Chanting and waving flags, Moqtada al-Sadr’s followers filled Firdous Square to protest the pact that would allow US troops to stay for three more years.
The demonstration followed two days of protests in parliament by al-Sadr loyalists, who disrupted readings of the proposed agreement.
Parliament is scheduled to vote on the pact tomorrow, but presidential spokesman Naseer al-Ani told Iraq’s Sharqiyah television late on Friday that the vote might be delayed until after the Muslim feast of Eid al-Adha early next month.
“It will need more time. Perhaps until after Eid al-Adha,” he told the Dubai-based station without explanation.
The legislature is expected to go into recess later this month ahead of Eid al-Adha, when scores of lawmakers travel to Saudi Arabia for the annual pilgrimage to Mecca.
Despite the opposition of at least three small parliamentary factions, the pact is expected to pass in the Shiite-led parliament when it comes up for a vote.

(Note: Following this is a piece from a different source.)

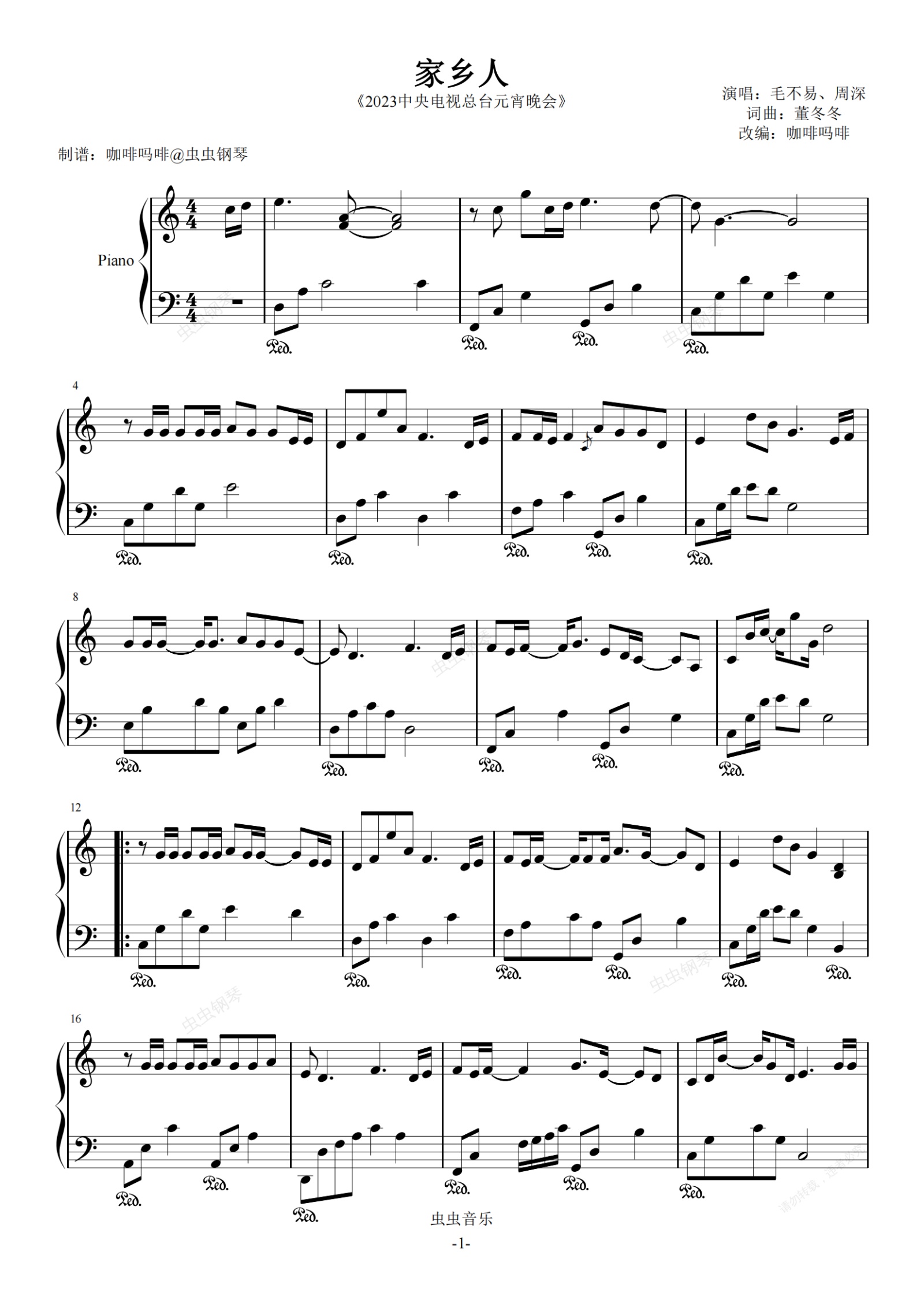 钢琴谱:家乡人-毛不易、周深C调钢琴谱

Al-Sadr, who controls a group of 30 lawmakers in the 275-seat parliament, views the deal as a surrender to US interests. But supporters say the pact will eventually lead to full sovereignty.
If al-Sadr’s group and other legislators opposed to the pact lose by a thin margin, they might attempt to turn their anti-US message into a defining issue in provincial elections on Jan. 31 and general elections late next year.
Al-Sadr’s influence in Iraq, however, has dipped from the days when militiamen loyal to him battled US forces and were seen as protectors of Shiites against Sunni militants and his anti-US message earned him and his followers strong nationalist credentials.
Al-Sadr, believed to be in Iran, was not at the protest, though his representative read a sermon he wrote that called the US “the enemy of Islam.”
“The government must know that it is the people who help it in the good and the bad times. If it throws the occupier out, all the Iraqi people will stand by it,” the sermon read, using common rhetoric for the US.
Al-Sadr said that his followers in both his movement’s armed and peaceful factions would continue to work for the removal of US forces.
The protesters placed the Bush effigy on the same pedestal where US Marines toppled the ousted dictator’s statue in one of the iconic images of the 2003 US-led invasion.
After a mass prayer, demonstrators pelted the Bush effigy with plastic water bottles and sandals. One man hit it in the face with his sandal. The effigy fell head first into the crowd and protesters jumped on it before setting it ablaze.
The uproar this week suggests that the security pact could remain divisive as the country struggles for reconciliation after years of war.
For Iraqi Prime Minister Nouri al-Maliki’s Dawa party and the Supreme Islamic Iraqi Council, its senior government partner, the margin of support is almost as important as the victory itself. A narrow passage will cast doubt on the legitimacy of the new terms governing the US troop presence.